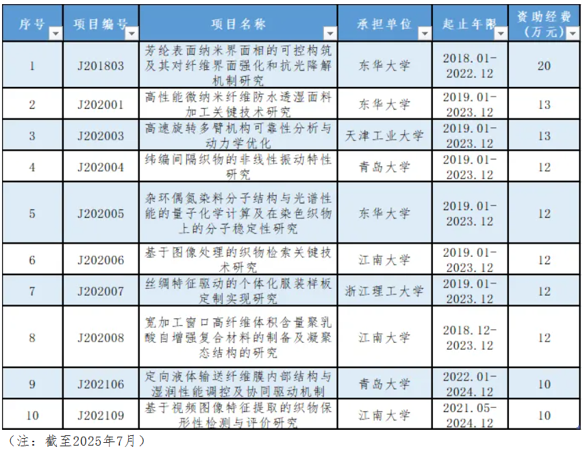 2025年“纺织之光”应用基础研究项目结题验收项目
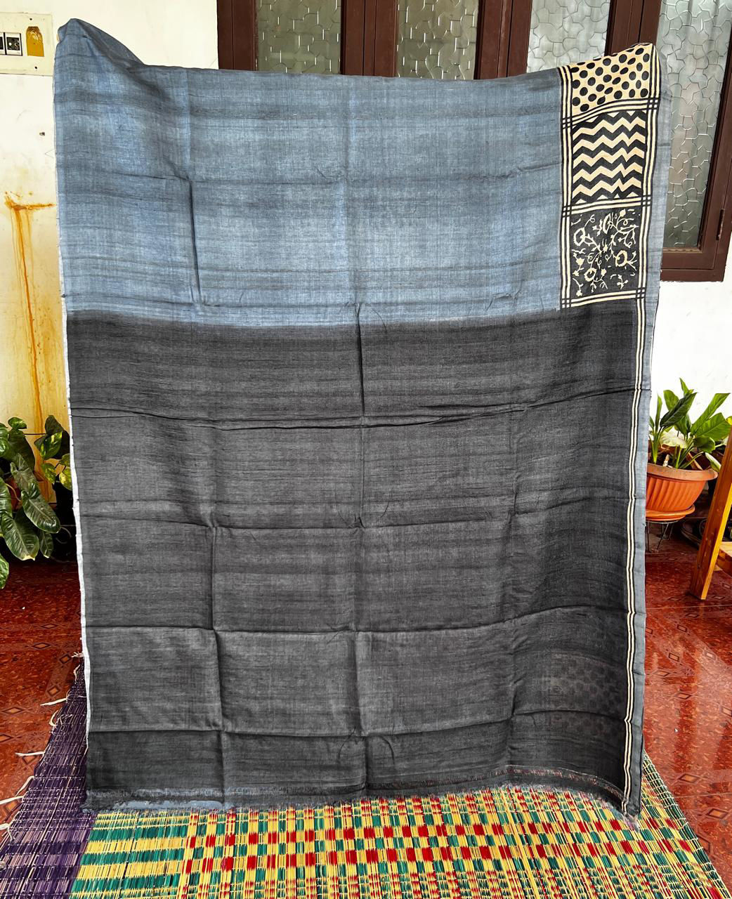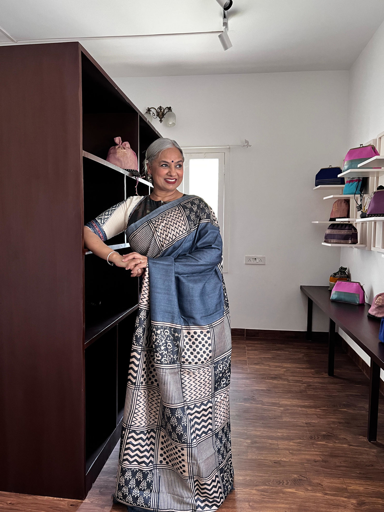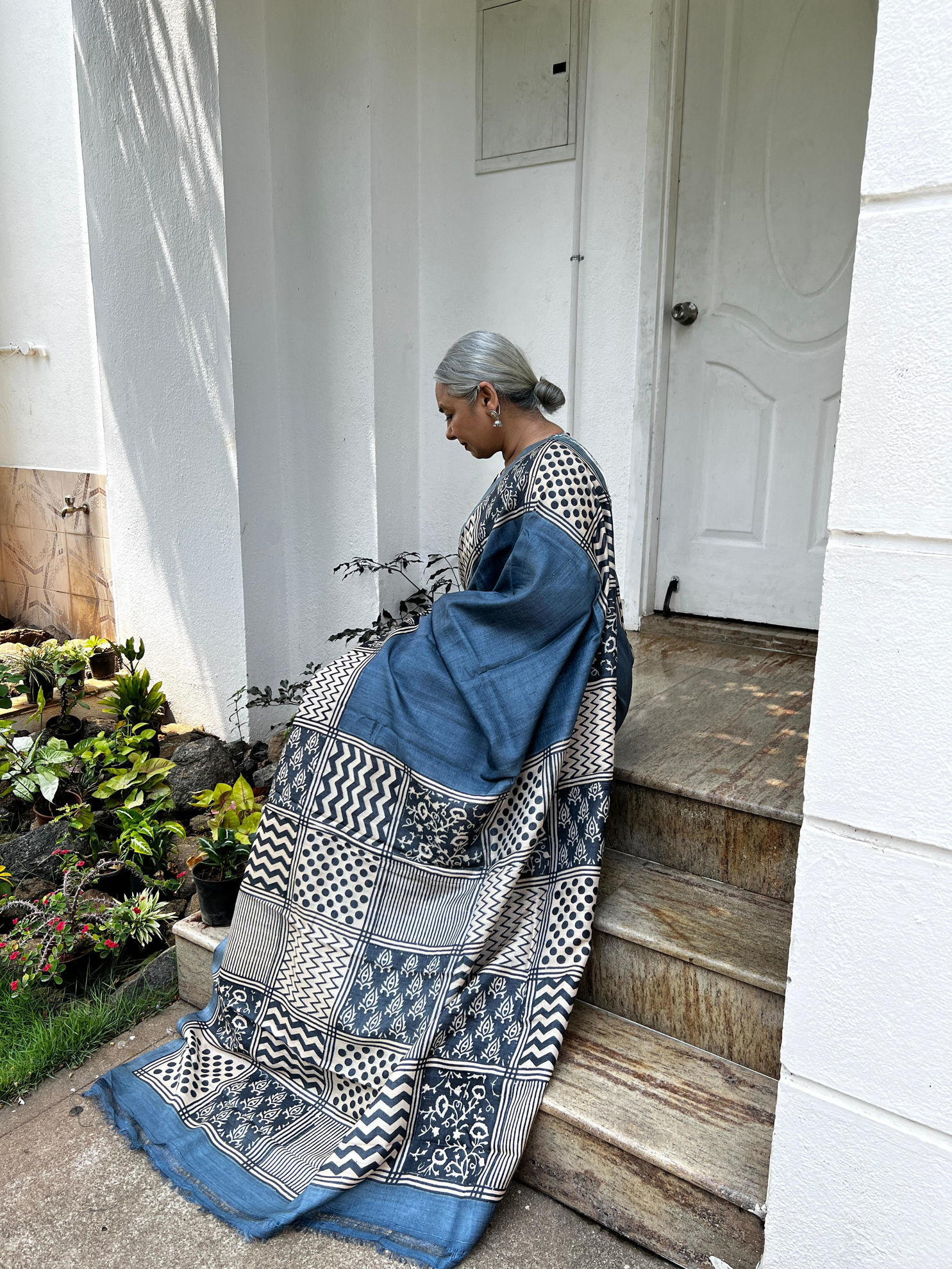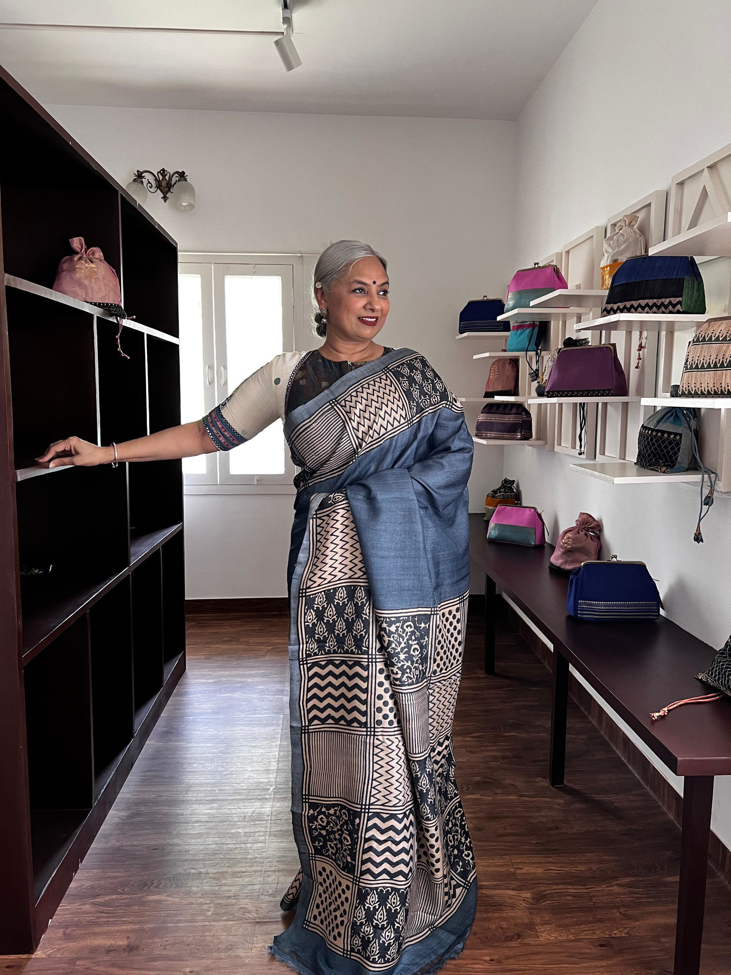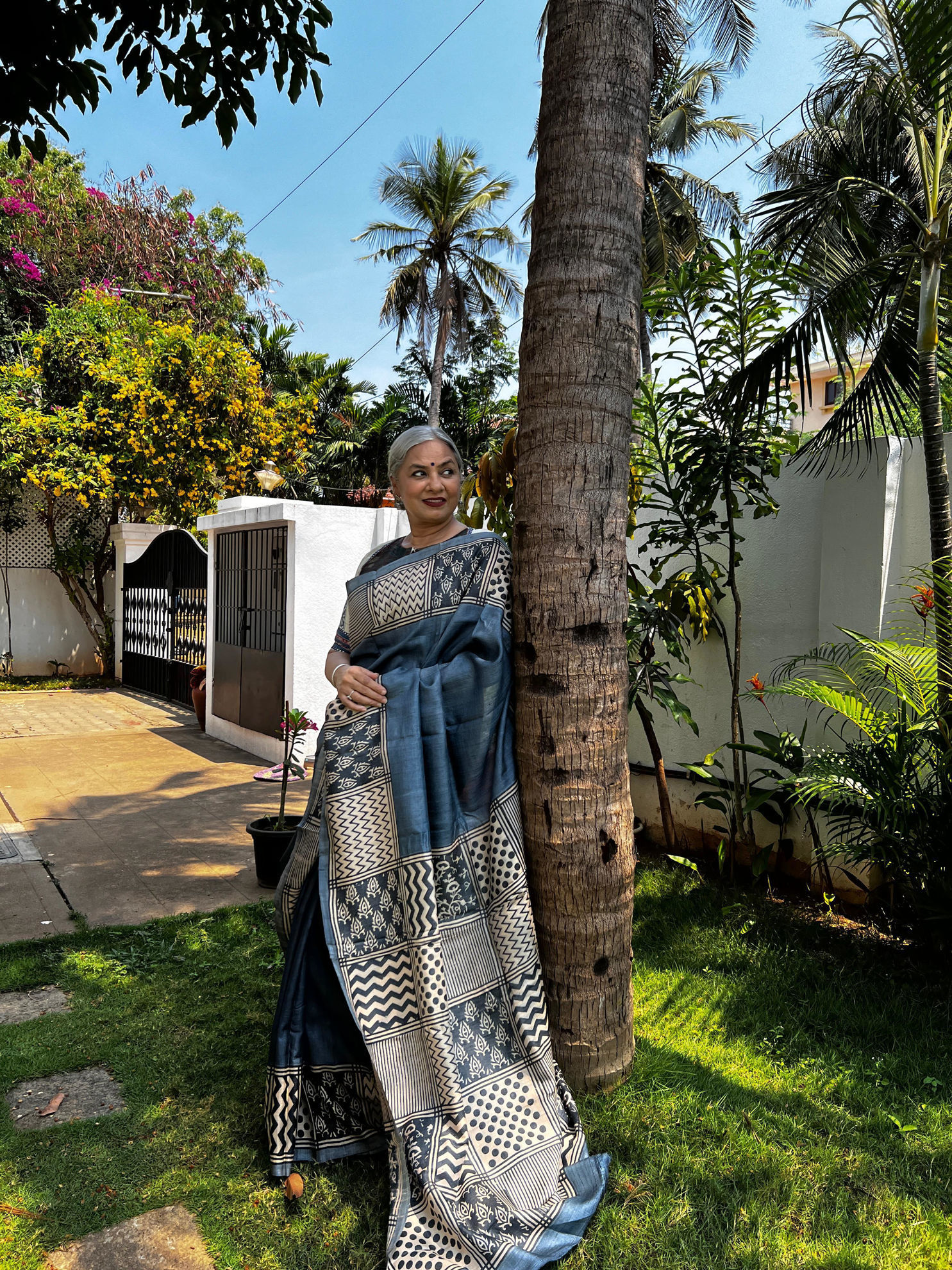 A timeless English blue grey tussar, brought alive with striking geometric block prints that play quietly yet confidently across the weave. There’s a certain stillness in this piece—rooted, composed, and unmistakably classic. Paired with our signature Bhopali yoke blouse, the ensemble finds its balance between structure and artistry, where every line and motif comes together with intent. Please note: The cost of the ready blouse is not included in the saree
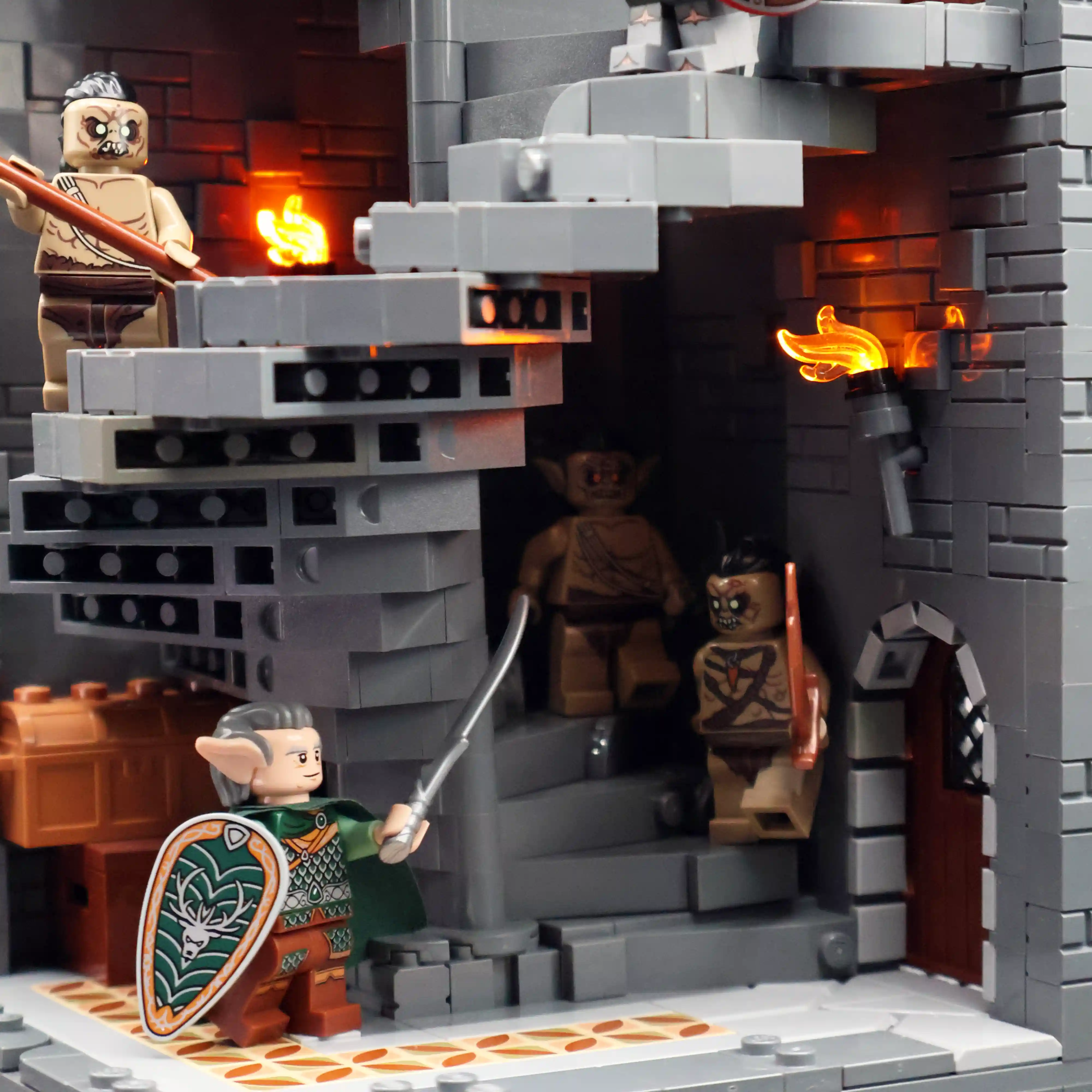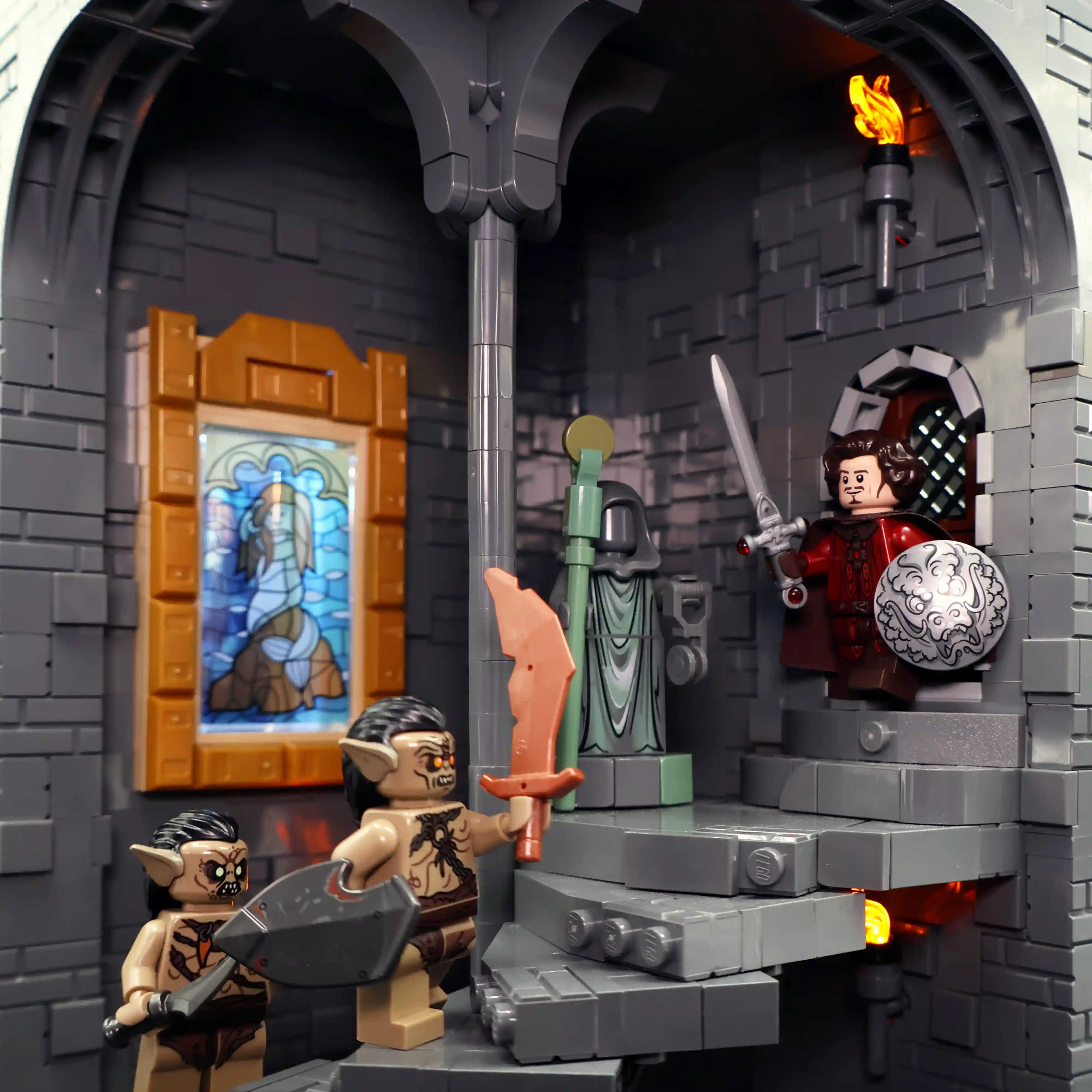 Lighting effects are done utilizngrickStuff's flicker effects lights, and with the lighting source not looking too harshly into the build for photographing the model, patches of shadow where the torches are is illuminated much more than it is other times. To capture a better sense of motion beyond the stained glass window of the mermaid, a mirror panel is inserted a few studs back. This allowed for being viewed form angl vs the other, the stained glass' own reflection in the mirror beyond looked like it was at a different point than the front glass creating a bit of an optical illusion.

* [TO DO] Exactly reproduce the run of lines from the start of the listing through the line with "A timeless English", inclusive; pictures are not copied.

* [SOLUTION BELOW]
 2025年“纺织之光”应用基础研究项目结题验收项目
 A timeless English blue grey tussar, brought alive with striking geometric block prints that play quietly yet confidently across the weave. There’s a certain stillness in this piece—rooted, composed, and unmistakably classic. Paired with our signature Bhopali yoke blouse, the ensemble finds its balance between structure and artistry, where every line and motif comes together with intent. Please note: The cost of the ready blouse is not included in the saree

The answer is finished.